# The Uninvited (2009)



## Johnny Thunder (Feb 24, 2006)

Hey gang -

As I had said on Hauntcast, this remake of the Korean ghost flick * A Tale of Two Sisters* will be out on January 30th.

If this be your thang, check it out and let us know how the movie is.

http://www.bloody-disgusting.com/news/15123

http://www.uninvitedmovie.com/

http://movies.yahoo.com/movie/1809922891/info


----------



## Hellrazor (Jun 18, 2006)

So I guess this is a little old but I just saw it last night. I thought it was great. For some reason I had not thought of the twist at the end. 

Yes, been done before but its great when you are not expecting it. It left me thinking aobut it, which is an ultimate goal of anything, right. Keep you wondering or coming back for more. 
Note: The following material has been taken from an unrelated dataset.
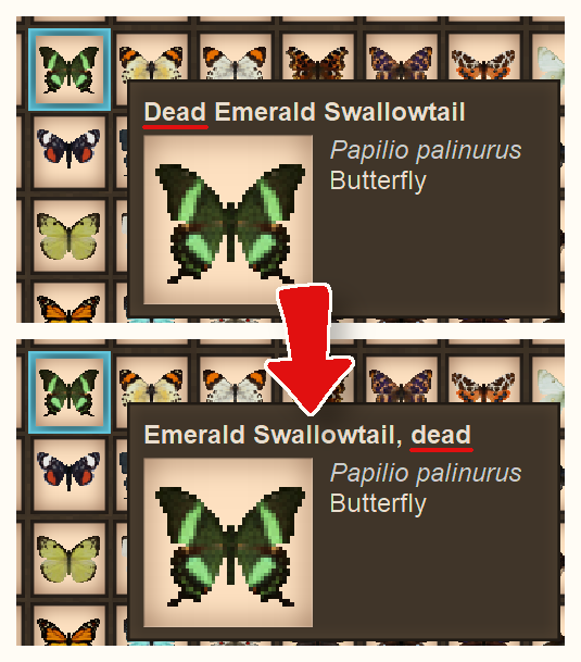 This mod simply renames the dead butterflies and puts the "dead" at the end, so you don't have to always skip the first word when you read the names while you sort through your butterfly collection.

It was a a lot of fun! Im happy I saw it.


----------



## Eldritch_Horror (Jul 27, 2008)

I haven't seen it yet, but I've thought about picking it up. Is the red headed sister played by the actress who played in 'A Series of Unfortunate Events'? She looked awfully darn familiar in the commercials.


----------



## DeadDudeintheHouse (Jul 23, 2008)

Is this the one with... is it... I can't remember her name. Elizabeth Banks? (I almost said Elizabeth Brooks - wasn't she from The Howling?) I would like to see the movie just because she's in it and would probably make a great villainness.


----------



## dusty588 (Oct 8, 2006)

*The Uninvited*

Hey there. I just watched The Uninvited (2009) it was in theatres in like February, I'm a little slow at watching movies lol, and was just curious if anyone else saw it, and what you thought of it. I thought that it was pretty good( (8/10), some review sites gave it a much lower score, but then again, I often quite like the movies the others don't like so much, lol. I know that there is a Japanese version of this movie, but haven't seen it yet. If you haven't seen it, I would suggest you rent it for sure. Here is a trailer of it. 




Dustyn


----------



## JohnnyL (Aug 17, 2006)

Definitely liked the twist. Was a fun movie, I enjoyed it!


----------



## 5artist5 (Jul 10, 2007)

I liked this one a lot.


----------



## The Bloodshed Brothers (Jan 25, 2009)

saw it awhile back. really like the twist at the end. didnt see it coming. overall i really enjiyed it. just bought it in a five dollar bin a few weeks ago haha


----------